Paintings by Angela Kauffman worth £1.5m are at risk of leaving the UK

  • The export bar is to allow time for a UK gallery or institution to acquire the painting
  • The paintings are worth £1.5million and are by one of the leading painters of the neoclassical period

A pair of group portraits of Mr and Mrs Joseph May and their children, dating from 1780, are at risk of leaving the UK unless a buyer is found.

Valued at £1.5million, the two paintings depict a family separated by gender, making them unprecedented in Kauffman’s work, in which families are normally depicted together. His known collection of 800 pieces shows no other evidence of this format, which is an exceptional phenomenon both in Kauffman’s work and in late 18th-century European art.

Arts Minister Lord Parkinson of Whitley Bay said:

Angelica Kauffman was one of only two female founding members of the Royal Academy. These fascinating portraits are highly unusual for the time, depicting an 18th century family separated by gender. I hope a buyer will come forward so they can stay in the UK and we can continue to learn more about these exceptional works of art.

The Minister’s decision follows the advice of the [Reviewing Committee on the Export of Works of Art and Objects of Cultural Interest] (https://www.artscouncil.org.uk/supporting-collections-and-cultural-property/reviewing-committee#section-1). The committee agreed that the paintings had an unusual and useful composition, and noted that the female group and its allusion to the Virgin Mary were particularly beautiful.

Professor Mark Hallett, member of the committee, said:

Angelica Kauffman was one of Britain’s most important painters of the late 18th century and this is a particularly interesting example of her output.
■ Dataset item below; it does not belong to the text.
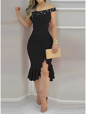 Dámské Dlouhé šaty Maxi šaty Šaty na párty Bodycon Elegantní Klub Párty Narozeniny Volány Studené rameno Běžný Bez vzoru Bez rukávů Popruhy Černá
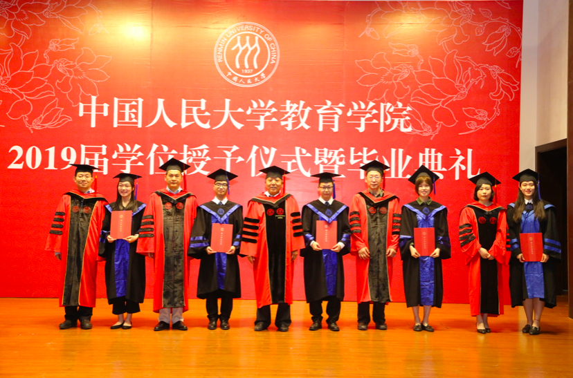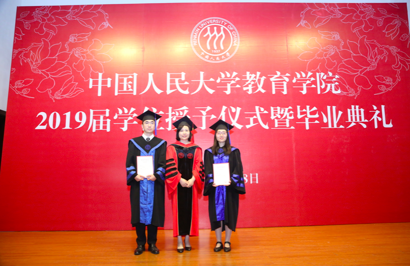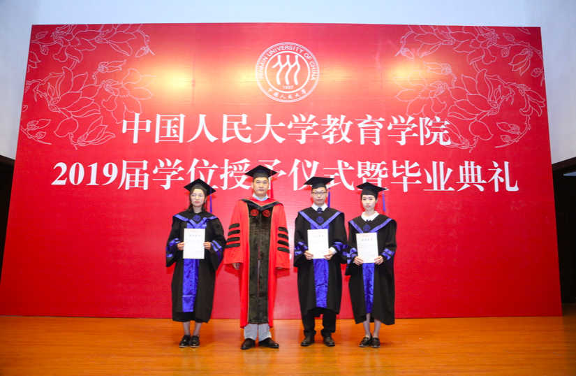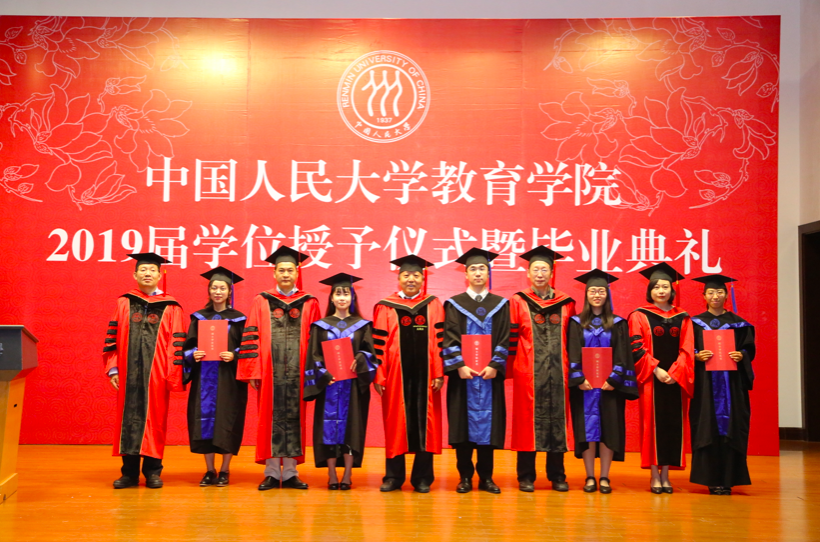 决定宣读完毕,2019届硕士学位获得者在工作人员的引导下,依次有序上台,校学位委员会副主席吴晓球教授,公司学术委员会主席程方平教授,申素平教授,李立国教授,周光礼教授共同为硕士学位获得者逐一拨穗、颁授学位证书,并与其合影留念。

Although the artist is rightly celebrated for her images, Kauffman’s portraits are equally complex and ambitious. This double portrait of the May family, in which Mary May is depicted with her daughters and Joseph May with her sons, is extremely unusual in separating its male and female subjects so directly. At the same time, Kauffman’s deft compositional management ensures that the two images complement each other elegantly. As well as having a powerful aesthetic appeal, the paintings offer a sensitive pictorial meditation on parental and sibling relationships, and on the different stages of childhood. For all these reasons, they make a powerful contribution to our understanding of Georgian portraiture.

The committee made its recommendation on the grounds that the departure of this pair of paintings from the UK would be a misfortune because of their exceptional importance to the study of 18th-century portraiture.

The decision on the request for authorization to export the paintings will be deferred for a period ending on July 24, 2022 inclusive. At the end of the first deferral period, owners will have a cooling-off period of 15 working days to consider any offer to purchase the pair of paintings at the recommended price of £1.5 million (plus VAT of £300 £000 which can be recovered by an eligible institution). The second deferral period will begin after signing an option agreement and will last four months.

ENDS

Notes to Editors

  1. Organizations or individuals interested in purchasing the pair of paintings should contact the RCEWA on 0845 300 6200.
  2. Details of the paintings are as follows: Angelica Kauffman (1741–1807) Mary May (1745–1824) with her daughters Maria Emilia, Louisa and Sophia Margaret and Joseph May (1730–1796) with her sons Joseph (b. 1767), Thomas Charles (1772–1837) and Jean (1775–1856), 1780 Oil on canvas Framed: 144.5 x 176.5 cm
  3. Provenance: Commissioned by Joseph May (1730-1796), for Hale Park, Hampshire; By descent through his daughter Elizabeth by his second marriage, who married Robert Maxwell of Islandmore, Croom, Co. Limerick in 1842; By descent to their daughter-in-law, Mrs. E. Maxwell, Dublin; GB Smith; His sale (probably in the name of Mrs. Maxwell), Christie’s, London, May 15, 1886, lots 87 and 88; Bought by McLean for £173.5 and £63 respectively; By descent from Mr. and Mrs. Keld Fenwick, Sudbury, Suffolk; Mr. John Lecky, London, 1995; From there by descent to the present owner.
  4. The Review Board on the Export of Works of Art and Objects of Cultural Interest is an independent body, assisted by Arts Council England (ACE), which advises the Secretary of State for Digital, to culture, media and sports on the question of whether a cultural object, intended for export, is of national significance according to specified criteria.
  5. Arts Council England is the national agency for the development of creativity and culture. His strategic vision in Let’s Create is that, by 2030, England should be a country where everyone’s creativity is valued and given the opportunity to flourish and where everyone has access to a remarkable range of cultural experiences. High quality. ACE invests public funds from the government and the National Lottery to support the sector and realize its vision. Following the Covid-19 crisis, ACE developed a £160m emergency response programme, almost 90% of which came from the National Lottery, for organizations and people in need of aid. It is also one of the bodies administering the government’s £1.96billion Culture Recovery Fund.